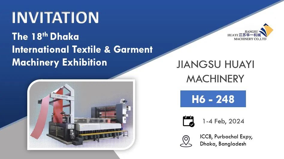 A Jiangsu Huayi Machinery, como empresa líder nacional em equipamentos de tingimento e acabamento, trará seus produtos desenvolvidos da série de lixadeiras e amaciadores de ar para participar da Exposição da Indústria Têxtil em Dhaka, capital de Bangladesh, de 1 a 4 de fevereiro de 2024.
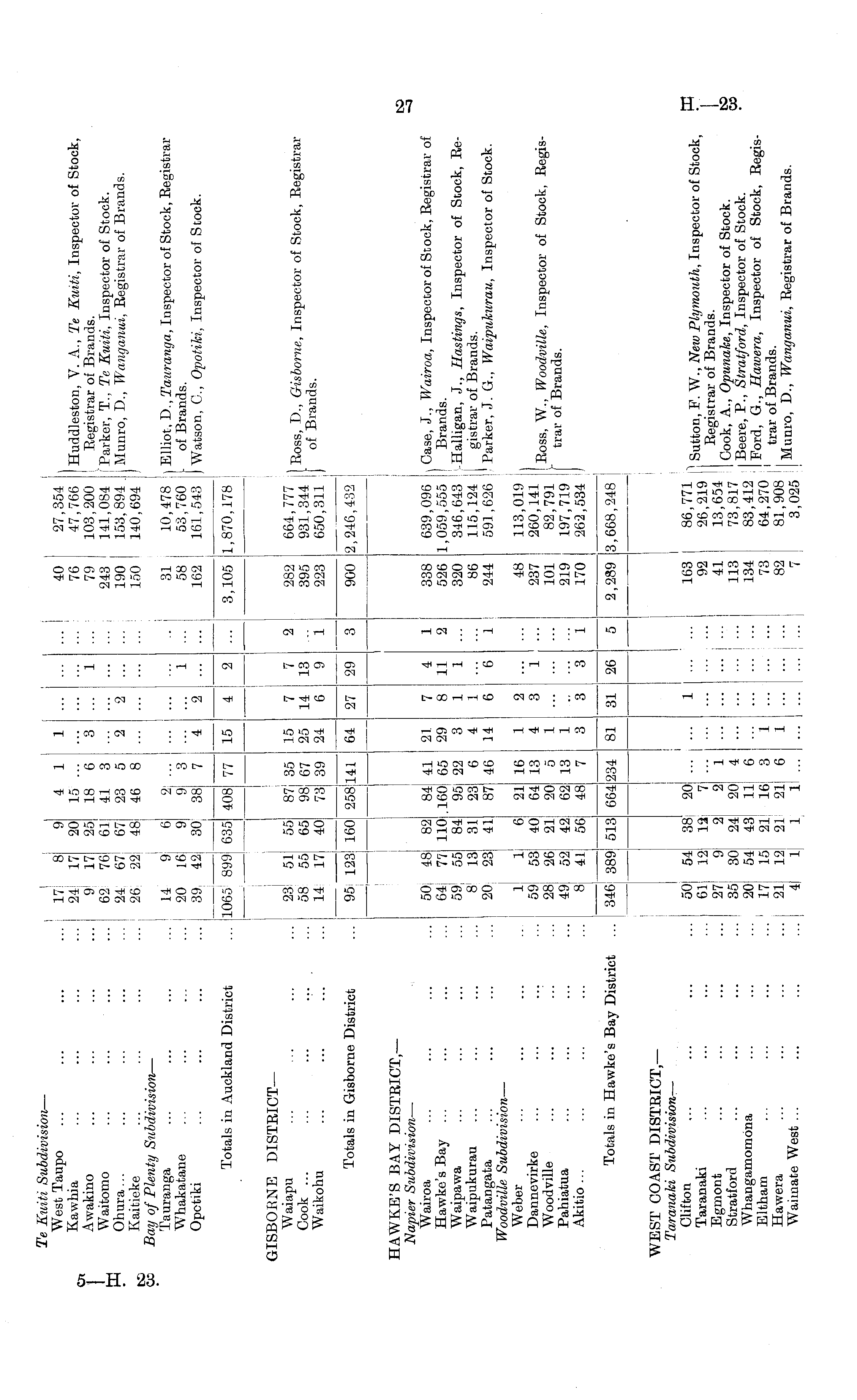 Te Kuiti Subdivision — West Taupo Kawhia Awakino Waitomo Ohura... Kaitieke Bay of Plenty Subdivision — Tauranga Whakatane Opotiki I I 17 8 24 17 9 17 62 76 24 67 26 22 9 20 25 61 67 48 4 15 18 41 23 46 1 6 3 5 8 l 3 2 ... 2 ... i ... ... 40 76 79 243 190 150 27,354 47,766 103,200 141,084 153, 894 . 140,694 j Huddleston, V. A., Te Kuiti, Inspector of Stock, I Registrar of Brands. Parker, T., Te Kuiti, Inspector of Stock. ; Munro, D., Wanganui, Registrar of Brands. 14 9 20 16 39 42 6 9 30 2 1 9 38| 3 7 ... 4 -2 l 31 58 162 10,478 ' 53,760 161,543 Elliot, D., Tauranga, Inspector of Stock, Registrar of Brands. Watson, C, Opotiki, Inspector of Stock. ... Totals in Auckland District 1065 899 I i i : — 635 408 77 15 4 2 3,105 1,870,178 i . GISBORNE DISTRICT— Waiapu Cook ... Waikohu 23 51 58 55 14 17 55 65 40 87 98 73 35 67 39 15 25 24 7 14 6 7 13 9 2 1 282 395 223 664,777 931,344 650,311 ) Ross, D., Gisborne, Inspector of Stock, Registrar f of Brands. Totals in Gisborne District i i 95 123 I 160 258 1 141 64 27 29 3! 900 2,246,432 '■ ! ! i HAWKE'S BAY DISTRICT — Napier Subdivision — Wairoa Hawke's Bay ... Waipawa Waipukurau Patangata WoodviUe Subdivision — Weber Dannevirke WoodviUe Pahiatua Akitio ... 50 48 64i 77 59, 55 8 13 20 23 82 110 84 31 41 84 .160 95j 23 87 41 65 22 46 21 29 3 4 14 7 8 1 1 6 I 4 11 1 6 1 2 1 338 526 320 86 244 639,096 1,059,555 346,643 115,124 591,626 i Case, J., Wairoa, Inspector of Stock, Registrar of ! Brands. -Halligan, J., Hastings, Inspector of Stock, Registrar of Brands. Parker, J. G., Waipukurau, Inspector of Stock. 1 1 59 53 28 26 49 52 8 41 6 40 21 42 56! 21 64 20 62 48 16 13 13 7 1 4 1 1 3 2 3 "i ... 48 237 101 219 170 113,019 260,141 82,791 197,719 262,534 ! Ross, W., WoodviUe, Inspector of Stock, Registrar of Brands. 3 3 i Totals in Hawke's Bay District —! — I ■ I ! 346j 389 513 664 234 81 31 26 5 2,289 3,668,248 ! WEST COAST DISTRICT — Taranaki Subdivision — Clifton Taranaki Egmont Stratford Whangamomona Eltham Hawera Waimate West ... i 50j 61 27 35 20 17 21 4 54 12 9 30 15 12 1 38| 12 2 24 43 21 21 20 7 2 20 11 16 21 1 4 6 3 6 1 163 92 41 113 134 73 82 7 86,771 26,219 13,654 73,817 83,412 64,270 81,908 3,025 Sutton, F. W., New Plymouth, Inspector of Stock, Registrar of Brands. Cook, A., Opunake, Inspector of Stock. Beere, P., Stratford, Inspector of Stock. Ford, G., Hawera, Inspector of Stock, Registrar of Brands. Munro, D., Wanganui, Registrar of Brands. l l
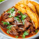 Serve and enjoy: Spoon the luscious birria into warm corn tortillas, garnishing with chopped onions, fresh cilantro, and shredded cheese. Each bite will be an explosion of flavor and comfort that you won’t want to end.
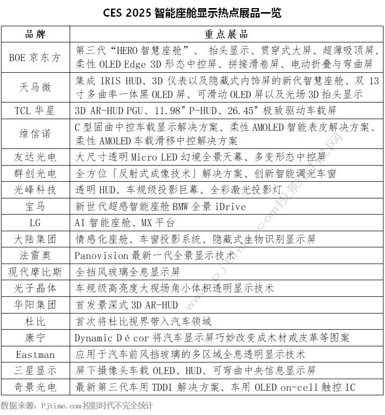 智能座舱是最能体现汽车科技感的领域,在主打科技的CES上,BOE京东方、天马微电子、维信诺、TCL华星、三星、LG、光峰科技、友达光电、群创光电、华阳集团、大陆集团、宝马等显示企业和车企也都将重点放在这一领域,今年智能座舱显示领域亮点是Micro LED、OLED、全景、全息、柔性、滑动、卷曲等是热点,下面Pjtime.com盘点CES 2025上有代表性的热点创新产品。
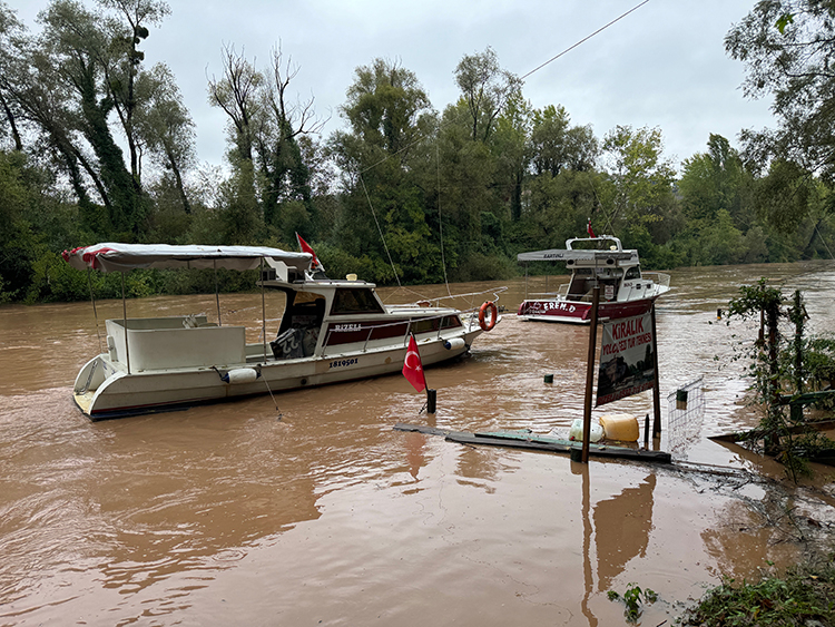 Öte yandan sağanak nedeniyle Yalı mevkisindeki iskeleler, Çağlayan piknik alanındaki yürüyüş yolları ve bazı büfeler de su altında kaldı.
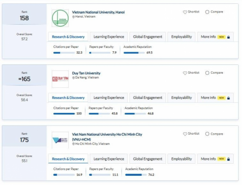 Trong số 25 cơ sở, tổ chức giáo dục lọt top, ĐHQG Hà Nội giữ vị trí cao nhất ở hạng 158, theo sau đó là Đại học Duy Tân với hạng 165, tiếp đó là ĐHQG TP. Hồ Chí Minh với hạng 175. Cả 3 trường này đều đạt tổng điểm đánh giá trên 50 (tính theo thang điểm 100).
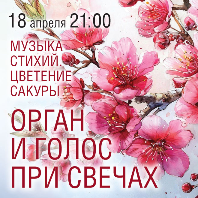 18 апреля в концерте «Музыка стихий. Цветение сакуры. Орган и голос при свечах» прозвучат традиционные японские мелодии в исполнении Хироко Иноуэ. Не упустите шанс ощутить гармонию в величественном пространстве собора! 11.04.2026
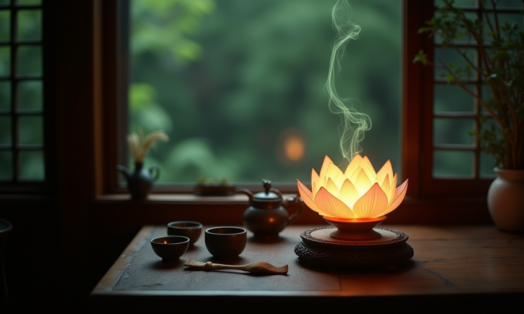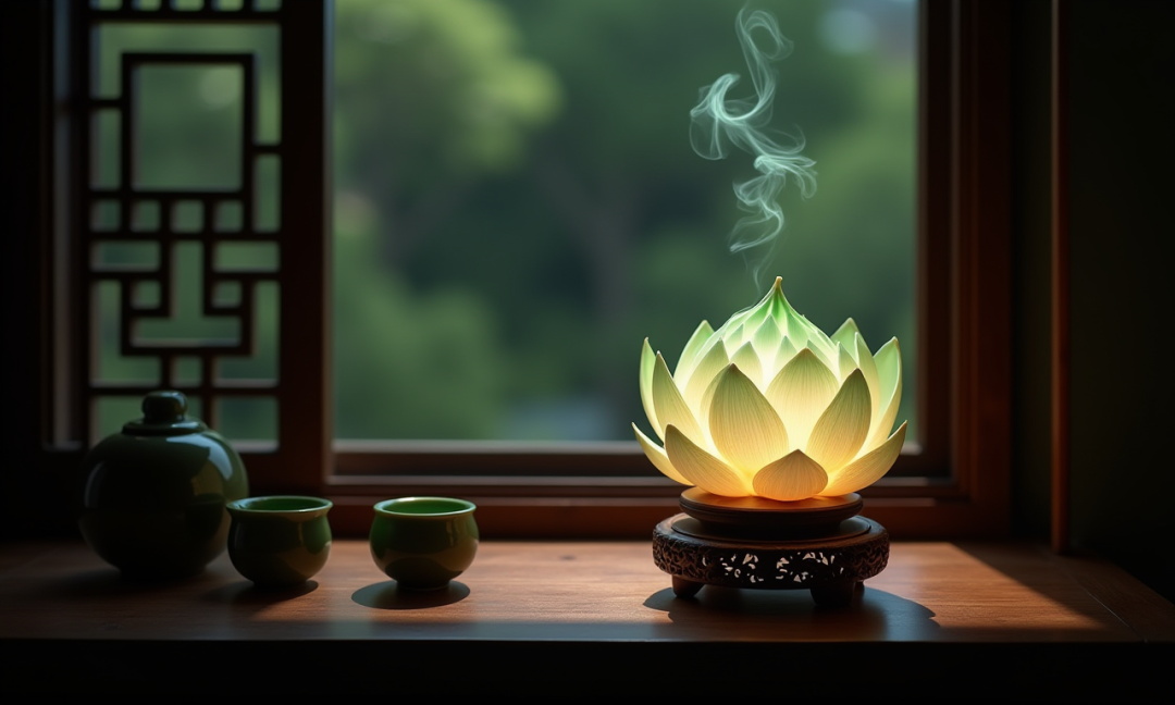 On the wooden table of a windowsill in a dimly lit room, there is a set of traditional Chinese gongfu tea utensils and a lotus lantern meticulously crafted from a semi-transparent material. The lotus lantern rests on an exquisite wooden base, whose surface is intricately carved with fine patterns. The lantern emits a soft and steadfast glow, with each petal of the lotus meticulously detailed. A wisp of green smoke rises from the top of the lotus, forming a complex spiral pattern. Outside the window, the view is a very pleasant Chinese garden landscape.

[WHAT TO PRODUCE]
Above are some entries; copy exactly the lines from the line with "Öte yandan sağanak" through the line with "18 апреля в", both included, but none of the pictures.

[OUTPUT BELOW]
 Öte yandan sağanak nedeniyle Yalı mevkisindeki iskeleler, Çağlayan piknik alanındaki yürüyüş yolları ve bazı büfeler de su altında kaldı.
 Trong số 25 cơ sở, tổ chức giáo dục lọt top, ĐHQG Hà Nội giữ vị trí cao nhất ở hạng 158, theo sau đó là Đại học Duy Tân với hạng 165, tiếp đó là ĐHQG TP. Hồ Chí Minh với hạng 175. Cả 3 trường này đều đạt tổng điểm đánh giá trên 50 (tính theo thang điểm 100).
 18 апреля в концерте «Музыка стихий. Цветение сакуры. Орган и голос при свечах» прозвучат традиционные японские мелодии в исполнении Хироко Иноуэ. Не упустите шанс ощутить гармонию в величественном пространстве собора! 11.04.2026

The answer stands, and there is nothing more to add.